DATA EXCERPTS: Begin

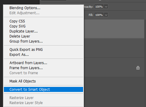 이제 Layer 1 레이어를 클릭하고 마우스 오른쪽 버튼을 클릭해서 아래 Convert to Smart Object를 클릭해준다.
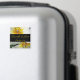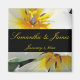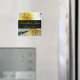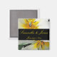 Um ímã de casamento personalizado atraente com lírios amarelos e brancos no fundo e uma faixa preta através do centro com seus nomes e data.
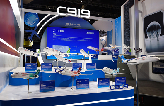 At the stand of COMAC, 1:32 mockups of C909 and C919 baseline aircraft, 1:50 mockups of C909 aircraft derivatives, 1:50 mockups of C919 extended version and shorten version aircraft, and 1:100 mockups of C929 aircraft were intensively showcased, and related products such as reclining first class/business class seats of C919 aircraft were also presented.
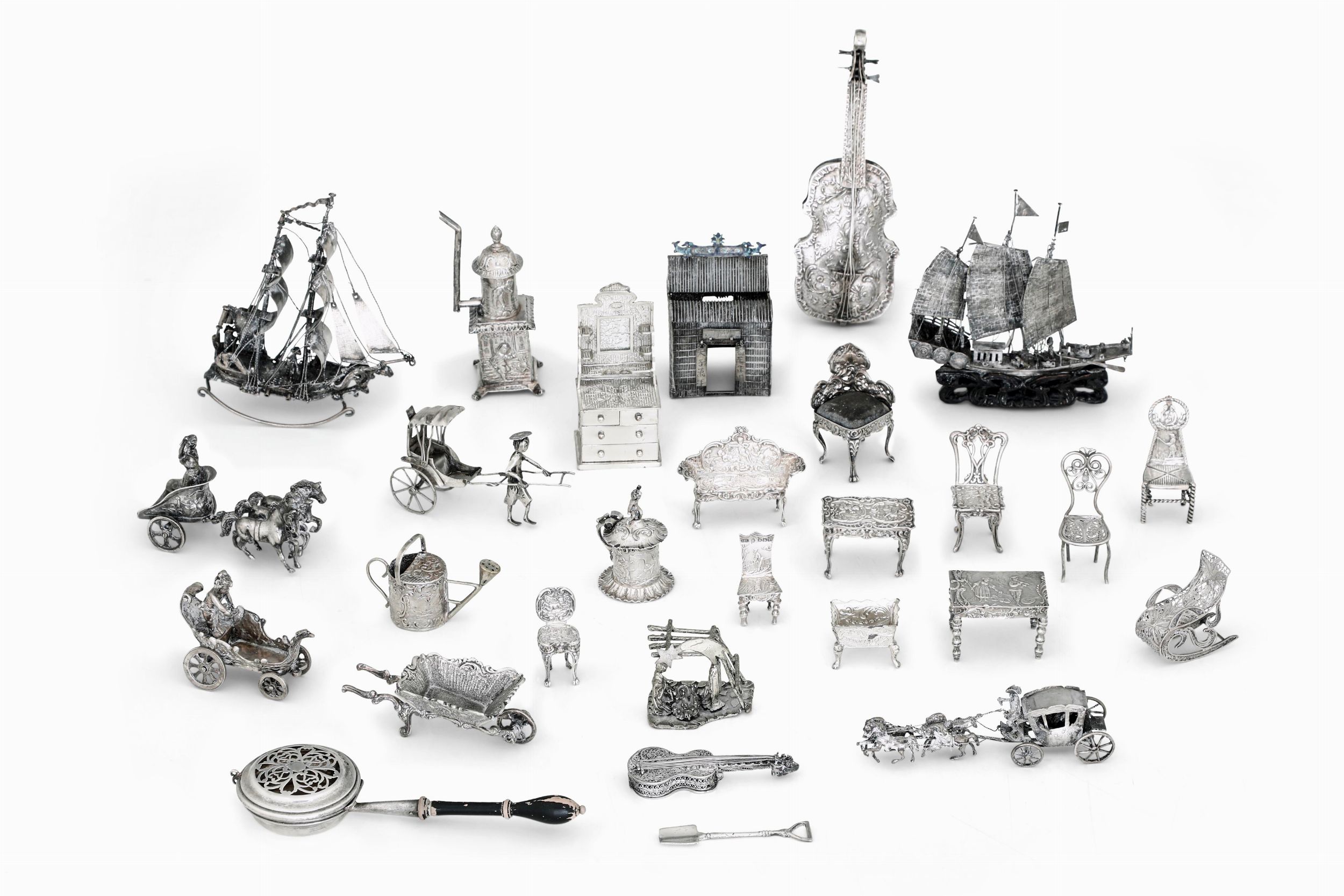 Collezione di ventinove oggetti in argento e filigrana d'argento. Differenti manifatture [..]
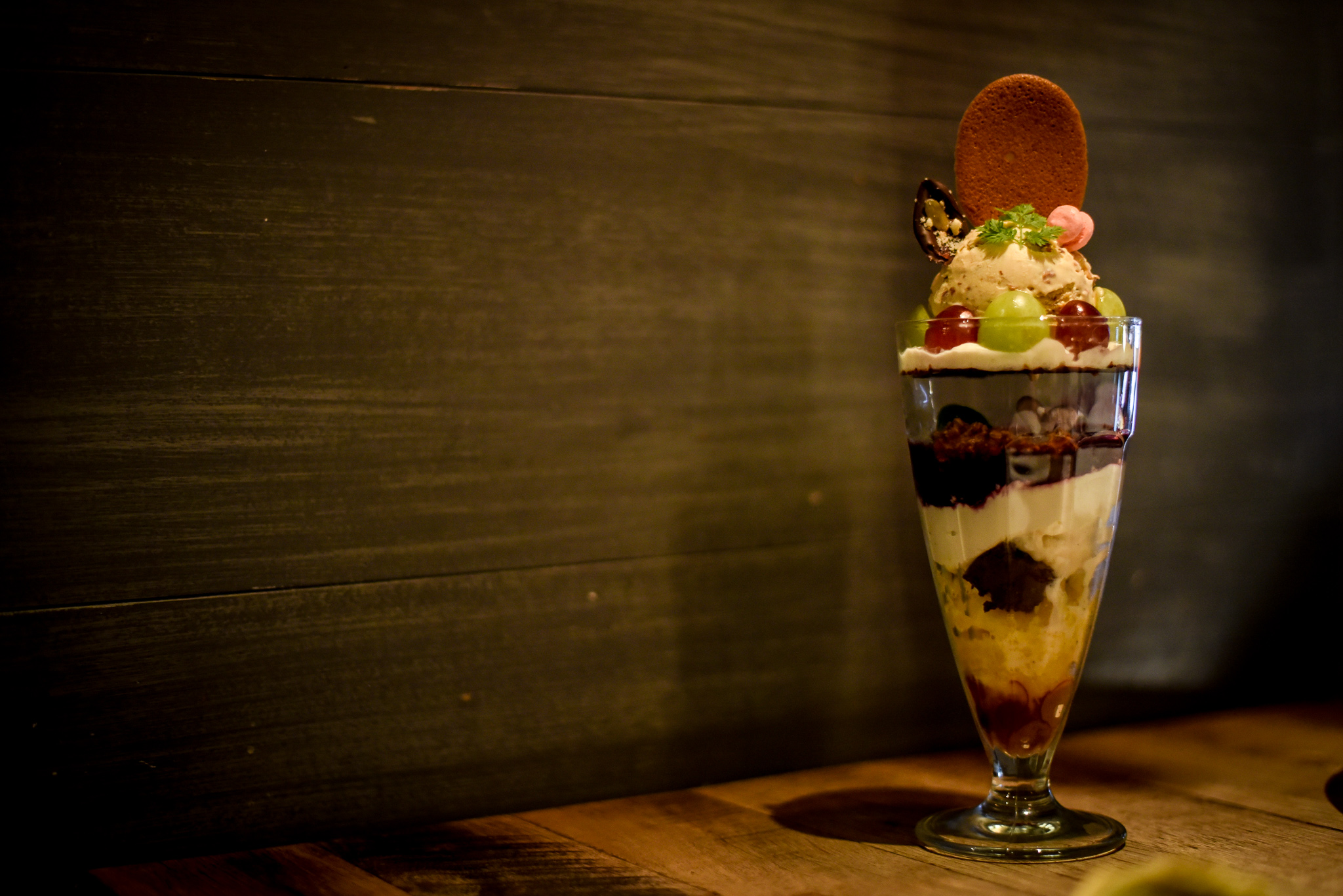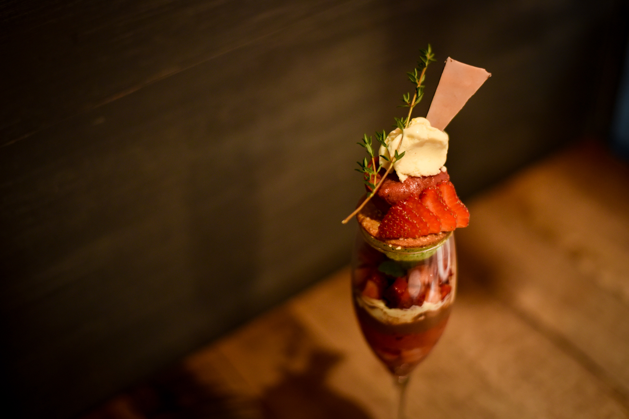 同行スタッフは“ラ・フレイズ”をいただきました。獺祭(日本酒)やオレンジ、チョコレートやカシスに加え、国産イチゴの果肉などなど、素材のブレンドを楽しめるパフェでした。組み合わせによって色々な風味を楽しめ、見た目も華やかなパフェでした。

DATA EXCERPTS: End

▸ **BRIEF**:
Print exactly the lines from the one containing "Um ímã de casamento" through the last line of the records, both included, and leave out the pictures.

▸ **ANSWER BOX**:
 Um ímã de casamento personalizado atraente com lírios amarelos e brancos no fundo e uma faixa preta através do centro com seus nomes e data.
 At the stand of COMAC, 1:32 mockups of C909 and C919 baseline aircraft, 1:50 mockups of C909 aircraft derivatives, 1:50 mockups of C919 extended version and shorten version aircraft, and 1:100 mockups of C929 aircraft were intensively showcased, and related products such as reclining first class/business class seats of C919 aircraft were also presented.
 Collezione di ventinove oggetti in argento e filigrana d'argento. Differenti manifatture [..]
 同行スタッフは“ラ・フレイズ”をいただきました。獺祭(日本酒)やオレンジ、チョコレートやカシスに加え、国産イチゴの果肉などなど、素材のブレンドを楽しめるパフェでした。組み合わせによって色々な風味を楽しめ、見た目も華やかなパフェでした。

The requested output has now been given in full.